You're right. I strongly urge you to try it before buying as it's such a weird board. I didn't try it but I found it to my liking so I guess I was lucky. It seems people love the Nug or hate it. A lot of people here also hate Burton in general so you can't get a non-biased review on this forum.


----------



## thetraveler (Feb 24, 2010)

Dioxin01 said:


> Sorry. Didn't realize that there was only one all mountain freestyle board being manufactured. I should've known. The Nug was designed for all mountain and was one of winning 2011 Good Wood Park boards.


first of all, i dont give a crap if the Nug got the Nobel prize for physics or if it won the good wood or whatever - do you even know how the good wood test works?
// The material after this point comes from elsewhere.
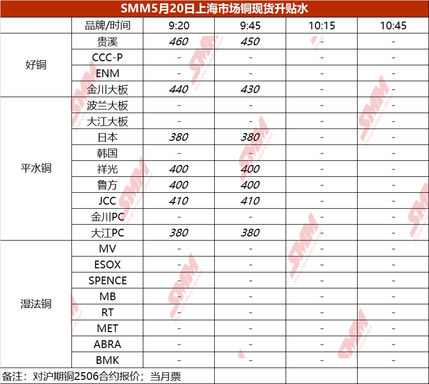 5月20日上海市场铜现货升贴水(第二时段)【SMM价格】

...and you're clearly avoiding my point - the Nug does not come anywhere near the TRice, DH, Custom, Agent, and many other all mountain freestyle boards in terms of off-piste performance. just because they call it an all-mountain freestyle board don't make it so. geddit?


----------



## Dioxin01 (Mar 20, 2011)

thetraveler said:


> first of all, i dont give a crap if the Nug got the Nobel prize for physics or if it won the good wood or whatever - do you even know how the good wood test works?
> 
> ...and you're clearly avoiding my point - the Nug does not come anywhere near the TRice, DH, Custom, Agent, and many other all mountain freestyle boards in terms of off-piste performance. just because they call it an all-mountain freestyle board don't make it so. geddit?
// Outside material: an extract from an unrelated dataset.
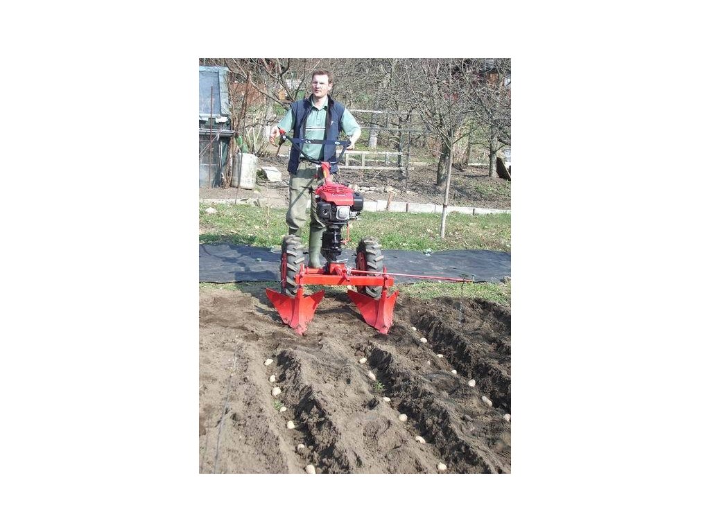 Hrobkovací radlice, nutno dokoupit NM1-001 nosič hrobkovacích radlic. Tím dostaneme sadu Nosič hrobkovacích radlic se dvěma radlicemi. Tato sada slouží k připravení hrobků k sázení brambor.

Yes I do know how the Good Wood test works thank you.
I guess a lot of it also has to do with personal preference. I have a 2011 Custom and I like the Nug a lot more (hurts to say that; feels like I'm picking a favorite child).


----------



## BurtonAvenger (Aug 14, 2007)

HAHAHA Good Wood what a fucking joke. I'll take pictures of the test when it happens next month. Nothing like riding Breck in 50 degree weather, corn snow slush, making 1 lap on a board through a park.


----------



## Dioxin01 (Mar 20, 2011)

BurtonAvenger said:


> HAHAHA Good Wood what a fucking joke. I'll take pictures of the test when it happens next month. Nothing like riding Breck in 50 degree weather, corn snow slush, making 1 lap on a board through a park.
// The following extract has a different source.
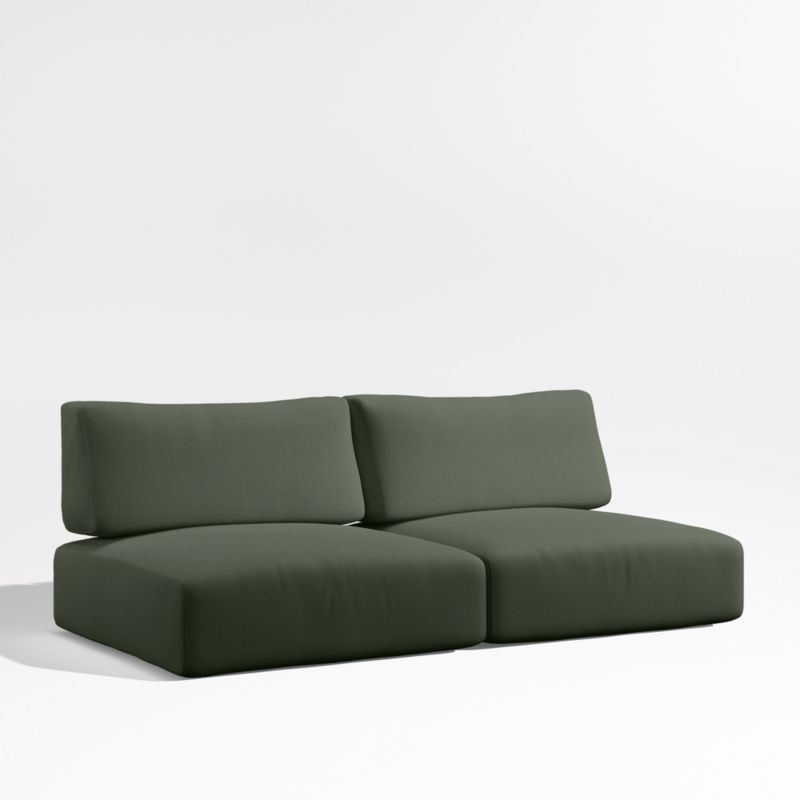 Make our Mallorca outdoor sofa the ideal spot for soaking up the sun in style by adding this soft-yet-supportive cushion set. Woven in sage green, the all-weather fabric complements the weathered driftwood finish on the sofa (sold separately). We love the way the thick cushions pair with the breezy slat frame for low, loungey outdoor seating.

Ok so maybe they're not tested in the best conditions. However, I understand you tested the Nug, how many runs did you take it on?


----------



## BurtonAvenger (Aug 14, 2007)

I rode it for like 2 plus hours at a resort with 0 lift lines and a shit ton more vertical than the park at Breck has.


----------



## Dioxin01 (Mar 20, 2011)

Alright cool. I actually consulted your review when buying the board.


----------